Let $A\in\mathbb{R}^{n\times n}$ be a nonsingular matrix, $b\in\mathbb{R}^n$, and $f\colon\mathbb{R}\to\mathbb{R}$ be an arbitrary function. Consider the following differential equation $$\tag{$\ast$}\label{ast} \dot{x}(t)=-x(t)+f(Ax(t)+b),\ \ x(0)\in\mathbb{R}^n, $$ where, for a vector $x$, $f(x)$ acts component-wise on the entries of $x$, i.e. $[f(x)]_i=f(x_i)$.

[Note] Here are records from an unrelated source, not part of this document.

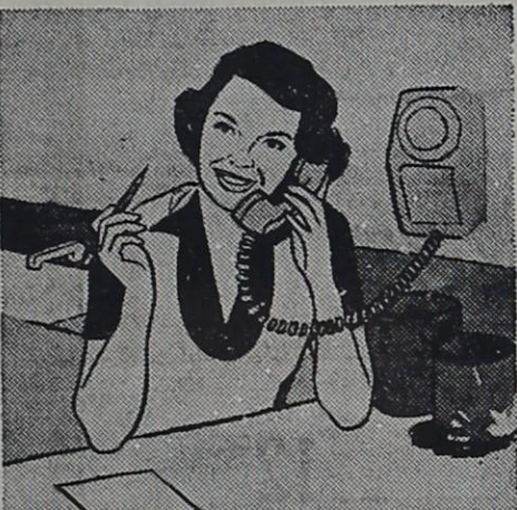
ANOTHER TELEPHONE IN THE KITCHEN

A telephone wherever you are in your home . . . this is modern living at its best . . . for you don't have to run when you have more than one! There's no need to waste time and energy when it's so easy to have additional phones in the living room, bedroom, kitchen, den or family room. Costs so little, too, just a few cents a day for this modern convenience. Choose a desk phone, wall phone, Spacemaker or the new Starlite®, in decorator colors to harmonize with any room. You've wanted additional phones for a long time, in one or more places in your home. Begin to live modern during ADD-A-PHONE MONTH. Just ask any General Telephone employee or call the Business Office. Do it today . . . NOW!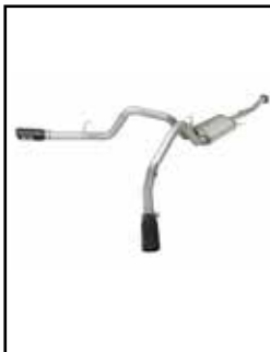
P/N: 49-43070-B (Blk Tips) 49-43070-P (Pol Tips)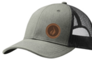
SNAPBACK TRUCKER CAP $12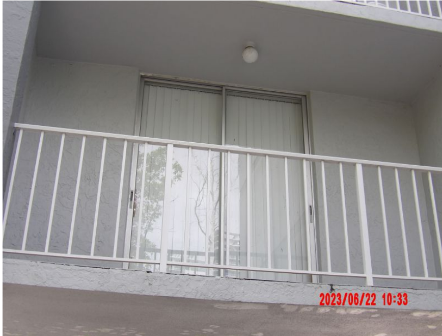
Unprotected Glazed Entry Door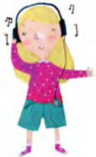
listening to music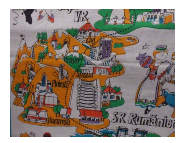
Images 1.1 (left) and 1.2 (right): a Tourex poster from 1977 with the detail of at least one fortified church on the map of Romania.

It was not just knowledge of the complexity of minorities in Romania that became ever more widespread. Romania with its southern Carpathian Arc and the Black Sea coast were also places where East Germans' longing and desire for escape could be satisfied. To be sure, some

Using the change of variable $y(t):=Ax(t)+b$, it seems to me that above differential equation can be equivalently rewritten as $$\tag{$\ast\ast$}\label{astast} \dot{y}(t)=-y(t)+Af(y(t))+b,\ \ y(0)\in\mathbb{R}^n. $$
My questions:
Is it true that \eqref{ast} admits a unique equilibrium (i.e., a unique $\bar{x}\in\mathbb{R}^n$ such that $\bar{x}=f(A\bar{x}+b)$) if and only if \eqref{astast} admits a unique equilibrium?
(In case the answer to question 1 is in the affirmative) Is it true that \eqref{ast} admits a unique locally stable equilibrium if and only if \eqref{astast} admits a unique locally stable equilibrium?